Y respecto al segundo tema, después de reseñar la jurisprudencia de la Corte sobre el fenómeno de las denominadas “concausas” durante la vigencia del Código Penal de 1936, que especificaba el homicidio concausal y aludir a posteriores pronunciamientos sobre el particular, concluye manifestando:
“…la Corte ha avanzado de manera notable al no enfocar el problema desde la estrecha perspectiva de las denominadas ‘concausas’, precisando en cambio que la relación de causalidad no es presupuesto suficiente de responsabilidad penal y advirtiendo que la simple violación al deber de cuidado tampoco es requisito suficiente para la deducción de responsabilidad penal. Pero lo que hasta el momento no ha hecho la Sala Penal de nuestra Corte Suprema de Justicia es establecer desde el punto de vista jurisprudencial cuál es el requisito que adicionalmente a la relación de causalidad y la violación del deber de cuidado debe estar demostrado dentro del proceso penal para poder admitir cuando menos la configuración objetiva del delito…”(negrillas del texto).
Luego agrega:
“La importancia de este concreto aspecto de la relación de causalidad dentro del proceso de la referencia se deriva de que estando demostrada la producción de una quemadura en el pene del menor durante el transcurso de la operación a la que fue sometido por parte del cirujano Jesús Egidio Solis Banguero (aun cuando se discuta si ella fue de primero o de tercer grado), ello solo alcanzaría para establecer un eventual nexo causal entre la conducta de mi poderdante y las lesiones finalmente sufridas por el menor (siempre sobre el supuesto de la enorme extensión lineal de las cadenas causales), así como quizás pudiera llegar a considerarse probada la existencia de una falta al deber de cuidado de Solís Banguero en el transcurso de la intervención quirúrgica. Pero lo que de ninguna manera está demostrado dentro del proceso es que la quemadura sufrida por el menor durante la circuncisión a que fue sometido haya evolucionado (¿evolucionan las quemaduras?) hasta generar la necrotización y pérdida funcional del órgano de la reproducción.”

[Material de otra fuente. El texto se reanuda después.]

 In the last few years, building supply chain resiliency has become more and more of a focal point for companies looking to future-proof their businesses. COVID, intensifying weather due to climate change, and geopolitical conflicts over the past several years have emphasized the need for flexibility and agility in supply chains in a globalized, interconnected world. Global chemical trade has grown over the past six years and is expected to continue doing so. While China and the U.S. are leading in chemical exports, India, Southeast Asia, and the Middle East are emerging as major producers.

Por consiguiente, si se abordara el estudio de tan interesante problema teórico podría sentarse el presupuesto de:
“que la simple demostración del nexo causal y la prueba de una infracción al deber de cuidado no son condiciones suficientes para dar por demostrado el aspecto objetivo del delito, sino que adicionalmente a ello se requiere que el riesgo desaprobado así creado por el autor se concrete en el resultado; y como en el caso materia de estudio no se demostró que la quemadura ocasionada por mi defendido al menor en el transcurso de la operación haya sido la que se concretó en la pérdida funcional del órgano de la reproducción, el médico Solis Banguero debería resultar absuelto.”

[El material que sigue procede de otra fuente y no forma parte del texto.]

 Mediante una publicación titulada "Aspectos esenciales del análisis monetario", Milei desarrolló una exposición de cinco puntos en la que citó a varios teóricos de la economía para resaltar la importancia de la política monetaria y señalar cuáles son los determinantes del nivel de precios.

CONSIDERACIONES DE LA CORTE:
La problemática generada por la aplicación del principio de causalidad contemplado en el artículo 21 del Código Penal, sufrió modificación en Colombia con la supresión de la previsión específica del llamado homicidio concausal en el Código Penal de 1980 (Decreto 100), circunscribiéndose la controversia a dos hipótesis: existencia real de la causa determinante del hecho punible, atribuible a la acción u omisión del agente, o de la concausa que por sí sola sea suficiente o idónea para producir el resultado dañino, evento en el cual desaparecería o tendría una materialización diferente el hecho punible como tal, en concreto.
De ello emerge la intrascendencia de ahondar, para resolver un tema preciso como el analizado en este proceso, sobre aspectos teóricos como la diferenciación predicable de las denominadas causalidad concreta y genérica, máxime cuando el recurrente se aleja de lo propuesto para encauzar su argumentación hacia el aspecto probatorio.

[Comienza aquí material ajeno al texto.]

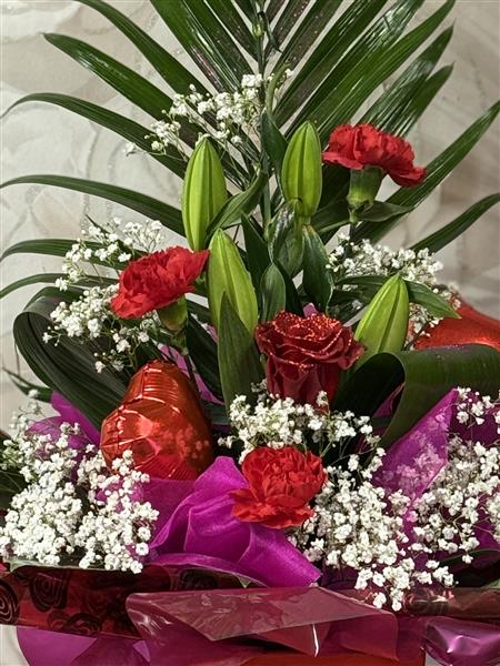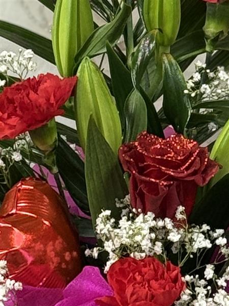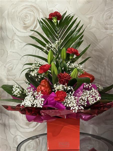 this arrangement is softened with delicate gypsophila and accented with hidden heart balloons.

Es claro, además, que el impugnante que se acoge a la vía excepcional de la casación, aduciendo la necesidad de desarrollar la jurisprudencia sobre el punto de derecho cuestionado, debe probar la incidencia de tal desarrollo sobre el caso debatido, lo cual no se logra en este caso.
De modo que si en el proceso que ocupa la atención de la Sala se dio por demostrado que el daño causado al niño JUAN SEBASTIAN
VICTORIA CASTRO, tuvo como causa única el comportamiento culposo del médico SOLIS BANGUERO, sin advertir “concausa” sobreviniente a las quemaduras térmicas determinantes de la necrotización del pene de la pequeña victima que hubiese roto esa necesaria relación de causa a efecto, no se ve la necesidad de abordar por vía jurisprudencial un tema que ha sido ampliamente tratado por la jurisprudencia y la doctrina, como fluye de las citas traídas por el acucioso peticionario.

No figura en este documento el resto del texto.